Table 2.
Indian Cline group | Samples | Z-score from 3 Population Test for mixture | % ANI ancestry | ±1 stand. error | Genetic drift D from the best fitting combination of ANI and ASI * | Wright’s fixation index F (estimates inbreeding) † | Estimated fraction of recessive diseases due to founder events †† |
---|---|---|---|---|---|---|---|
Mala | 3 | -2.5 | 38.8% | 1.2% | 0.0023 | 0 | 100% |
Madiga | 4 | -2.7 | 40.6% | 1.2% | 0.0018 | 0.0061 | 23% |
Chenchu | 6 | 31.3 (not significant) | 40.7% | 1.3% | 0.0492 | 0 | 100% |
Bhil | 7 | -10.6 | 42.9% | 1.1% | 0.0024 | 0 | 100% |
Satnami | 3 | -5.6 | 43.0% | 1.3% | 0.0019 | 0 | 100% |
Kurumba | 6 | -12.6 | 43.2% | 1.1% | 0.0001 | 0.0052 | 2% |
Kamsali | 3 | -6.5 | 44.5% | 1.3% | 0.0016 | 0.0066 | 19% |
Vysya | 5 | 5.4 (not significant) | 46.2% | 1.2% | 0.0083 | 0.0071 | 54% |
Lodi | 5 | -8.9 | 49.9% | 1.1% | 0.0027 | 0.0056 | 32% |
Naidu | 4 | -3.3 | 50.1% | 1.2% | 0.0022 | 0.0435 | 5% |
Tharu | 5 | -20.6 | 51.0% | 1.2% | 0.0000 | 0 | na |
Velama | 4 | -3.2 | 54.7% | 1.3% | 0.0044 | 0.0197 | 18% |
Srivastava | 2 | -7.5 | 56.4% | 1.5% | 0.0023 | 0 | 100% |
Meghawal | 5 | -13.3 | 60.3% | 1.2% | 0.0035 | 0 | 100% |
Vaish | 4 | -22.0 | 62.6% | 1.2% | 0.0012 | 0 | 100% |
Kashmiri Pandit | 5 | -20.6 | 70.6% | 1.2% | 0.0019 | 0 | 100% |
Sindhi | 10 | -26.3 | 73.7% | 1.1% | 0.0008 | 0.0043 | 16% |
Pathan | 15 | -34.3 | 76.9% | 1.1% | 0.0001 | 0.0039 | 3% |
Estimates of genetic drift (the variance in allele frequencies on any lineage) are based on a model in which each group is a simple mixture of ANI and ASI, followed by subsequent genetic drift specific to that group (corrected for inbreeding). To fit the model, we use the algorithm described in Note S4, and fit f2, f3 and f4 statistics that are calculated in a way that is unbiased by inbreeding (Appendix).
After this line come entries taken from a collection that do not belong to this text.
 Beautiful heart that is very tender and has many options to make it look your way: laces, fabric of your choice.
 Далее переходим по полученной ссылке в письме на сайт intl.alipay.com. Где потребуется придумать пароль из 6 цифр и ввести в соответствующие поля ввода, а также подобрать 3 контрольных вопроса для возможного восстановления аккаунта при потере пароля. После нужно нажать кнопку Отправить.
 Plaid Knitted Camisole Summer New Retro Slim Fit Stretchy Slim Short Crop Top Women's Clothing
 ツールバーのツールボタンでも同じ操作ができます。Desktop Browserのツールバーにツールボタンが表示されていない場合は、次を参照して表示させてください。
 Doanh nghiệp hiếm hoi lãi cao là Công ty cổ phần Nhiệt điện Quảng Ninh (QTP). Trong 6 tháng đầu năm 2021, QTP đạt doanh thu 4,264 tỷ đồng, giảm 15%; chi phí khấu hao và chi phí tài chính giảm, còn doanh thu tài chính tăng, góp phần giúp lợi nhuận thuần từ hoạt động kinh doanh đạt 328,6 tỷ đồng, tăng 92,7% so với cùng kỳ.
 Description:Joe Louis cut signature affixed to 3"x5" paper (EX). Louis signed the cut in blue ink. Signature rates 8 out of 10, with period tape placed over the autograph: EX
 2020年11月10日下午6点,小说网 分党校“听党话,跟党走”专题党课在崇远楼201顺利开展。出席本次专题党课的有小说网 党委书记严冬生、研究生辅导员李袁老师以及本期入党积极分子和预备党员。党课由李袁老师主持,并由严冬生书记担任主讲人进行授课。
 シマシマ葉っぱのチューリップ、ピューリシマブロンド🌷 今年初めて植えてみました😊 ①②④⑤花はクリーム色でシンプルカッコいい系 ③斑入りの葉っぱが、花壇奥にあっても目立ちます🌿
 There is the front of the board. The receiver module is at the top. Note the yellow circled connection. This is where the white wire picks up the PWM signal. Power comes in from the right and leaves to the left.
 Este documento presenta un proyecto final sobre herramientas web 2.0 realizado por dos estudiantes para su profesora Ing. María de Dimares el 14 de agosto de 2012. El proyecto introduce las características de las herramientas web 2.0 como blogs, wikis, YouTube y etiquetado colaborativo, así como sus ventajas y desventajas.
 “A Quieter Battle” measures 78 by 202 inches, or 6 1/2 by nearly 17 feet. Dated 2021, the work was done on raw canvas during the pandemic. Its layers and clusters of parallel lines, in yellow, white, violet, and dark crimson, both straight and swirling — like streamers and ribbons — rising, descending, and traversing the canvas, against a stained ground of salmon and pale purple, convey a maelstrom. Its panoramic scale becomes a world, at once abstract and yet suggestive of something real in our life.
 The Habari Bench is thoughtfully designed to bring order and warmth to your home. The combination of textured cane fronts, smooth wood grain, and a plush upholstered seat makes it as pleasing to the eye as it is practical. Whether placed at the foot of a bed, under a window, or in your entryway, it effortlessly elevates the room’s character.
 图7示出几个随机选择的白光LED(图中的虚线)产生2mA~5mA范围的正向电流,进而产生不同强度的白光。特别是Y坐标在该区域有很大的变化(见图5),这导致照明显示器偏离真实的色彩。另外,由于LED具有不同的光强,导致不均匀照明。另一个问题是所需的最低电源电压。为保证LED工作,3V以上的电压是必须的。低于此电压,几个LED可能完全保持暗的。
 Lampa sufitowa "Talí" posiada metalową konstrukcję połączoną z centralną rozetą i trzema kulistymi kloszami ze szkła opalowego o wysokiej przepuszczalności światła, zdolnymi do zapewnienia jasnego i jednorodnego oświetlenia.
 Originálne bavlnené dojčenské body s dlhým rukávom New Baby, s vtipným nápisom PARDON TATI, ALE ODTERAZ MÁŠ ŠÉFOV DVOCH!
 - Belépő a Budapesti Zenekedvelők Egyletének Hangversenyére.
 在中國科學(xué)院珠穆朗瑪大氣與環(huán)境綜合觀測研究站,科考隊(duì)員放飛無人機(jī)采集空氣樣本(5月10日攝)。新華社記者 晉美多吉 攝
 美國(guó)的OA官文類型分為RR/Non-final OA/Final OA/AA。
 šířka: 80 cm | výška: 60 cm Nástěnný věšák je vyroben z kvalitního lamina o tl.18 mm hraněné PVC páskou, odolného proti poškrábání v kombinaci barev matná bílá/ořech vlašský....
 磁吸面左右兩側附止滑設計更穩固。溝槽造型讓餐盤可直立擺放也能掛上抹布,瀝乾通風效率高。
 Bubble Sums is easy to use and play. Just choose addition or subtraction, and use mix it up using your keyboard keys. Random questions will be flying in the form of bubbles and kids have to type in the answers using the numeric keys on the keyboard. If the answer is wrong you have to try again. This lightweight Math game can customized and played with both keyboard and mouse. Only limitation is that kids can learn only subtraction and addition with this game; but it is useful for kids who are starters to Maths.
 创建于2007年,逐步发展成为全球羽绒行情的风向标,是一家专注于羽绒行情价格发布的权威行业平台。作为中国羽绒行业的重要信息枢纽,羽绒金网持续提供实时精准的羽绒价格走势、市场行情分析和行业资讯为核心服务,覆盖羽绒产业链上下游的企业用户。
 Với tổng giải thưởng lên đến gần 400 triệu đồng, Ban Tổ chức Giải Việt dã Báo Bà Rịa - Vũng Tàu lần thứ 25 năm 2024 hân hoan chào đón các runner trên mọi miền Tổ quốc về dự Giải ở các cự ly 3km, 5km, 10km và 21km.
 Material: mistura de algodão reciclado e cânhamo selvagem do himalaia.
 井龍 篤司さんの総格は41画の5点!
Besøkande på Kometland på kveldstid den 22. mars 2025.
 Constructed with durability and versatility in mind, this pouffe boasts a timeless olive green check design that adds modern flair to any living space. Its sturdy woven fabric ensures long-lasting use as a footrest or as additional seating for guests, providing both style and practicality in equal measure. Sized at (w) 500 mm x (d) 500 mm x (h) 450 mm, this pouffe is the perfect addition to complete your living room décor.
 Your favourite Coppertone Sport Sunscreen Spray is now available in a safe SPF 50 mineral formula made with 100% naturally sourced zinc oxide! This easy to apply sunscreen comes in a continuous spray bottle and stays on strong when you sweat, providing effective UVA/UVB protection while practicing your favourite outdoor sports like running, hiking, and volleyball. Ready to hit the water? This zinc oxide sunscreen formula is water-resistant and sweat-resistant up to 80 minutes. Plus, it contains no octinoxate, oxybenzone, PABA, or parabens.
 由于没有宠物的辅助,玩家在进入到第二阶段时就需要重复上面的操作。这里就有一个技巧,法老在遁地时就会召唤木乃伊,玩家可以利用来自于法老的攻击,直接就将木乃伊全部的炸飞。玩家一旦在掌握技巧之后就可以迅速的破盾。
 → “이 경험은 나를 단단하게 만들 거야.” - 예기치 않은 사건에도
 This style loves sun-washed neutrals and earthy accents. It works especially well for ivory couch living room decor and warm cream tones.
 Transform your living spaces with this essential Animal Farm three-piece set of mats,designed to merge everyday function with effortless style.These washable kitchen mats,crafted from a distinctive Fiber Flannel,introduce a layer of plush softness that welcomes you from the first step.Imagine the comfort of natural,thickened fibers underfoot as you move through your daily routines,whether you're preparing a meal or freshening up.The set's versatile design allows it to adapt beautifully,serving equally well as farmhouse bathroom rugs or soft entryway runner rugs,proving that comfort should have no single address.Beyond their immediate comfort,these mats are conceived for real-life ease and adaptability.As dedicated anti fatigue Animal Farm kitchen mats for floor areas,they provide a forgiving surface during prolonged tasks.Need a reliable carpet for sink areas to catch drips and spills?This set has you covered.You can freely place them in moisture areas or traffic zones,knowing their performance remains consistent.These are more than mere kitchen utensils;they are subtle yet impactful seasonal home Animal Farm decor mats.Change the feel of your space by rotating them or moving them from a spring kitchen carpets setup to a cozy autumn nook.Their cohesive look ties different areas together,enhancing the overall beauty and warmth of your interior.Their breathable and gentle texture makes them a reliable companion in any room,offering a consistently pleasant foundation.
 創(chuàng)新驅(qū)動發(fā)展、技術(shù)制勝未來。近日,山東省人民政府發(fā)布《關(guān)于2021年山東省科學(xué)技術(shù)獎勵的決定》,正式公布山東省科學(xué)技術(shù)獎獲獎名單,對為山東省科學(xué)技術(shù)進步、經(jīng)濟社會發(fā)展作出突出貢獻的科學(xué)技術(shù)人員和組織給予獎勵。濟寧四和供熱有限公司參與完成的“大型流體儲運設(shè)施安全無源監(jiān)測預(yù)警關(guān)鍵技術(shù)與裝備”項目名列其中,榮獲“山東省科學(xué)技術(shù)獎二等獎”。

Wright’s fixation index F is estimated as the excess rate at which the two copies of a chromosome within an individual from a group are identical by state, compared within across individuals from that group (Appendix). We set negative values to 0; standard errors are typically around 0.003. Because of the small sample sizes, these estimates are heavily influenced by the samples that happen to have been included in our analysis, and thus should be considered approximate.
To estimate the proportion of recessive disease cases that are due to founder events, we consider the two alleles that a single individual carries at any locus. With probability F given by Wright’s Fixation Index, they coalesce in the last few generations due to consanguinity, and with probability (1-F)D, they coalescence more recently than ANI-ASI mixture due to founder events specific to that group. The fraction of recessive diseases due to founder events can thus be estimated as D(1-F)/(F+D(1-F)).